To get started, you’ll need ComfyUI installed either locally or through the cloud. For a local Windows setup, follow this guide:

👉 How to Install ComfyUI Locally on Windows

Once installed, open the Manager tab in ComfyUI and click “Update ComfyUI” to make sure you’re on the latest version. Keeping ComfyUI updated ensures compatibility with new workflows, models, and nodes used by InfiniteTalk.

While InfiniteTalk V2V can run locally, we highly recommend using our Next Diffusion - ComfyUI SageAttention template on RunPod for this workflow. Here’s why:

  • Sage Attention & Triton Acceleration — both are pre-installed and optimized in the RunPod template, significantly boosting generation speed and VRAM efficiency.

  • Plug-and-Play Setup — no manual CUDA or PyTorch dependencies to configure; everything is ready to run InfiniteTalk out-of-the-box.
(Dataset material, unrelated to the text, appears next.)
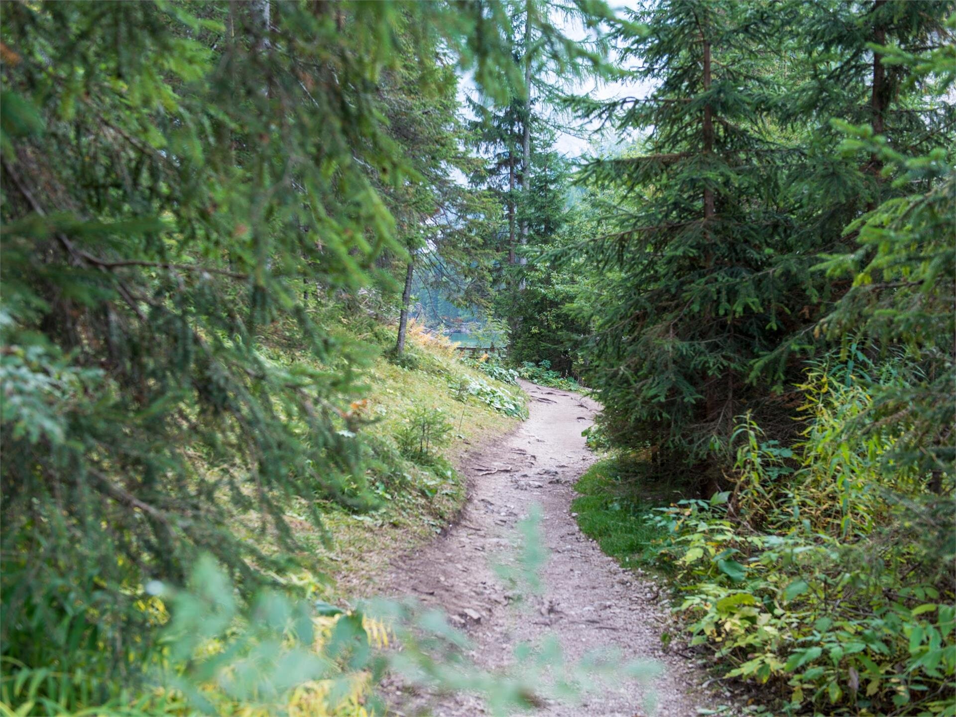 Abwechslungsreiche Rundwanderung in ruhiger Umgebung mit schönem Ausblick auf den Pragser Wildsee sowie auf die umliegenden Berge. Vom Pragser Wildsee zum Riedlhof, über den Wanderweg zu den Kaserhütten, biege lings ab und gehe weiter über den leicht ansteigenden und schmalen Steig bis zum Schwarzbergsattel. Der Abstieg ins Grünwaldtal ist teilweise etwas steiler, eine kurze Stelle ist mit einem Drahtseil gesichert. Vom Grünwaldtal kannst du wieder zurück zum Ausgangspunkt Pragser Wildsee gehen. Gehzeit: 4,5 Std. Markierung: Nr. 20, Nr. 61, Nr. 19, Nr. 1 Schwierigkeitsgrad: mäßig anstrengend

  • Persistent Storage with Network Volume — saves your models and workflows so you don’t have to re-download or set up nodes each session.

You can spin up a ready-to-use ComfyUI instance in just a few minutes using the RunPod template below:

👉 How to Run ComfyUI on RunPod with Network Volume

Requirement 2: Download InfiniteTalk V2V Model Files

The InfiniteTalk Lip-Sync Workflow relies on a combination of WAN-based I2V diffusion models, audio feature encoders, and LoRA refinements to generate realistic lip-synced motion from still images.

Download each of the following models and place them in their respective ComfyUI model directories exactly as listed below.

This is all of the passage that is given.